In the second part of the letter, Ephesians 4:17–6:20, the author gives practical advice in how to live a holy, pure, and Christ-inspired lifestyle.

Composition
According to tradition, the Apostle Paul wrote the letter while he was in prison in Rome (around AD 62). This would be about the same time as the Epistle to the Colossians (which in many points it resembles) and the Epistle to Philemon. However, many critical scholars have questioned the authorship of the letter and suggest that it may have been written between AD 80 and 100.

Authorship

The first verse in the letter identifies Paul as its author. While early lists of New Testament books, including the Muratorian fragment and possibly Marcion's canon (if it is to be equated with the Epistle to the Laodiceans), attribute the letter to Paul, more recently there have been challenges to Pauline authorship on the basis of the letter's characteristically non-Pauline syntax, terminology, and eschatology.

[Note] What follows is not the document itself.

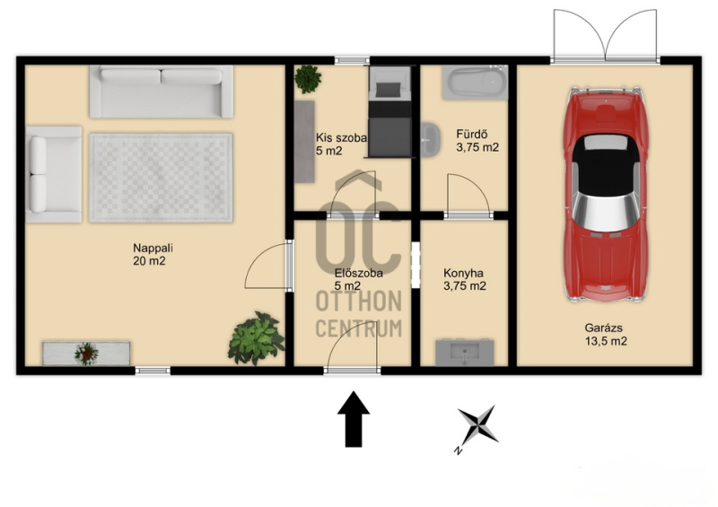 -A házhoz tartozik egy 13,5 m²-es garázs, amely akár tárolásra is alkalmas.

Biblical scholar Harold Hoehner, surveying 279 commentaries written between 1519 and 2001, found that 54% favored Pauline authorship, 39% concluded against Pauline authorship and 7% remained uncertain. Norman Perrin and  Dennis C. Duling found that of six authoritative scholarly references, "four of the six decide for pseudonymity, and the other two (Peake's Commentary on the Bible and the Jerome Biblical Commentary) recognize the difficulties in maintaining Pauline authorship. Indeed, the difficulties are insurmountable." Bible scholar Raymond E. Brown asserts that about 80% of critical scholarship judges that Paul did not write Ephesians.

There are four main theories in biblical scholarship that address the question of Pauline authorship.
 The traditional view that the epistle is written by Paul is supported by scholars that include Ezra Abbot, Ragnar Asting, Markus Barth, F. F. Bruce, A. Robert, and André Feuillet, Gaugler, Grant, Harnack, Haupt, Fenton John Anthony Hort, Klijn, Johann David Michaelis, A. Van Roon, Sanders, Schille, Klyne Snodgrass, John R. W. Stott, Frank Thielman, Daniel B. Wallace, Brooke Foss Westcott, and Theodor Zahn. For a defense of the Pauline authorship of  Ephesians, see Ephesians: An Exegetical Commentary, Harold Hoehner, pp 2–61.
 A second position suggests that Ephesians was dictated by Paul with interpolations from another author. Some of the scholars that espouse this view include Albertz, Benoit, Cerfaux, Goguel, Harrison, H. J. Holtzmann, Murphy-O'Connor, and Wagenführer.
 A third group thinks it improbable that Paul authored Ephesians. Among this group are Allan, Beare, Brandon, Rudolf Bultmann, Conzelmann, Dibelius, Goodspeed, Kilsemann, J. Knox, W.L. Knox, Kümmel, K and S Lake, Marxsen, Masson, Mitton, Moffatt, Nineham, Pokorny, Schweizer, and J. Weiss.
 Still other scholars suggest there is a lack of conclusive evidence. Some of this group are Cadbury, Julicher, McNeile, and Williams.

Place, date, and purpose of the writing of the letter
While most English translations indicate that the letter was addressed to "the saints who are in Ephesus" (1:1), the words "in Ephesus" do not appear in the best and earliest manuscripts of the letter, leading most textual critics, like Bart Ehrman, to regard the words as an interpolation. This lack of any internal references to Ephesus in the early manuscripts may have led Marcion, a second-century heresiarch who created the first New Testament canon, to believe that the letter was actually addressed to the church at Laodicea. For details see Epistle to the Laodiceans.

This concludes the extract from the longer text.